Electric Power
- Made:
- 1953 in United Kingdom
- designer:
- Victor Reinganum
Plate glass panel, in two pieces, with engraved design by Victor Reinganum, featuring 'Electric Power as the link between the Natural Sources of Energy and the Consumer'. Commissioned for the Science Museum's Electric Power gallery, 1953. 170x227x1cm, 170x160x1cm.
‘Electric Power’ was commissioned by the Science Museum to feature in its Electric Power Gallery which opened in 1957 and closed in the 1970s. Coinciding with the rapid expansion of the electricity grid in postwar Britain, the gallery focused on the history of electric power and its generation, distribution and conversion to mechanical power.

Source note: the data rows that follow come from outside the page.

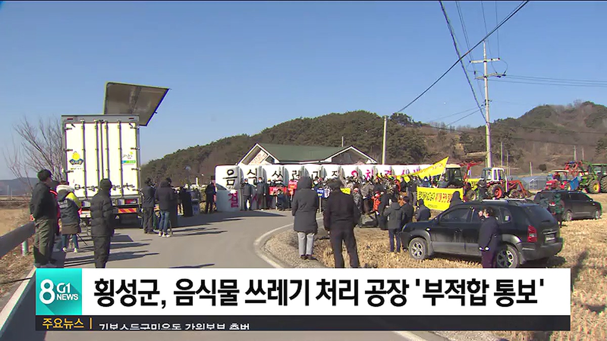 횡성군 우천면에 대규모 음식물쓰레기 처리 공장 설립이 추진돼 주민들이 반발하고 있다는 최근 G1 뉴스 보도와 관련해, 횡성군도 해당 시설물이 부적합하다고 판단했습니다.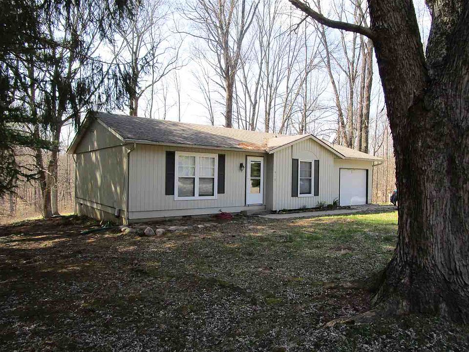 Looking for a country setting, with "near town" convenience? Look no further. Perfect little 1027 sq. ft. home with three bedrooms, one full bath, a main floor laundry and an attached one car garage, all situated on a beautiful, wooded .69 acre lot. All appliances are included--stove, refrigerator, dishwasher, washer and dryer. Large eat-in kitchen with pantry. New water heater was installed in 2017. Roof with 25 year shingles was installed in 2012. Insulation was added to attic in 2013. New garage door in 2009. Beautiful private views into the yard and woods beyond. Fantastic play set stays with the property. Low taxes. Vectren gas. County takes care of snow removal. Five miles to east shopping and campus.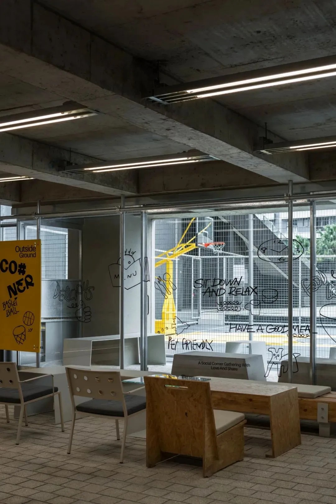 CO#NER食堂,以禁欲系冷淡風(fēng)為主旋律,設(shè)計(jì)上承襲了極致輕工業(yè)的時(shí)尚美學(xué),細(xì)膩而不失格調(diào)。其獨(dú)特的售賣模式圍繞模塊化“檔口”展開,融合POP UP快閃店概念,營(yíng)造出既持續(xù)又多變的用餐氛圍,旨在為顧客解鎖無限可能的美食探索之旅。空間內(nèi),水泥原色與暖木色家具巧妙碰撞,輔以生動(dòng)活潑的簡(jiǎn)筆插畫,色彩斑斕間傳遞出溫馨舒適的放松信號(hào),讓人在享受美食的同時(shí),也能感受到心靈的慰藉。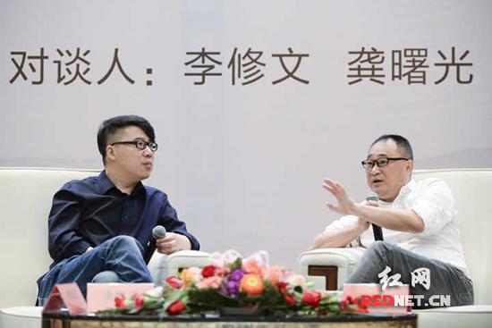 5月31日,河北廊坊,作家、影視劇編劇、監制李修文(左)和湖南出版投資控股集團黨委書記、董事長,中南傳媒董事長龔曙光(右)進行題為“人民山河文辭袈裟”的文學對談。攝影/辜鵬博
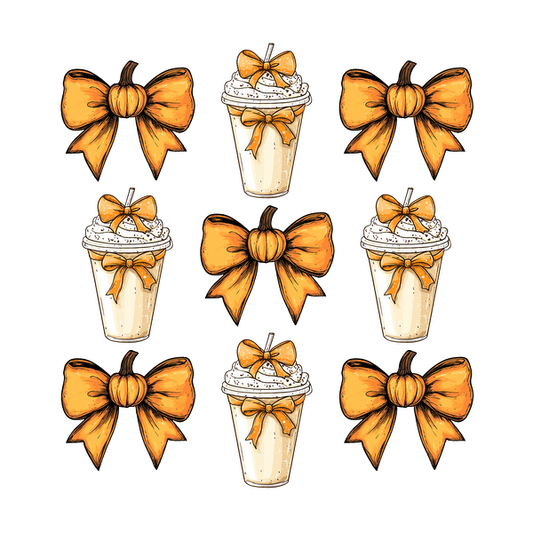 A delightful arrangement of illustrated pumpkin spice latte cups adorned with orange bows and cute pumpkin embellishments. heat press transfers

Victor Reinganum was a multi-disciplinary artist who worked as a graphic designer and illustrator for Radio Times. In the 1920s, he had studied at the Académie Julian in Paris and as a private student of Fernand Léger, and in the 1930s was drawn to the fluid forms of Surrealism. For the Electric Power Gallery, he proposed a design to be etched on two sheets of glass evoking ‘Electrical Power as the link between the Natural Sources of Energy and the Consumer’. The left side plate depicts wind turbines, a hydroelectric dam and nuclear power, while the right side plate, connected by swirling lines, suggests the uses of electricity including lighting, heating and communication.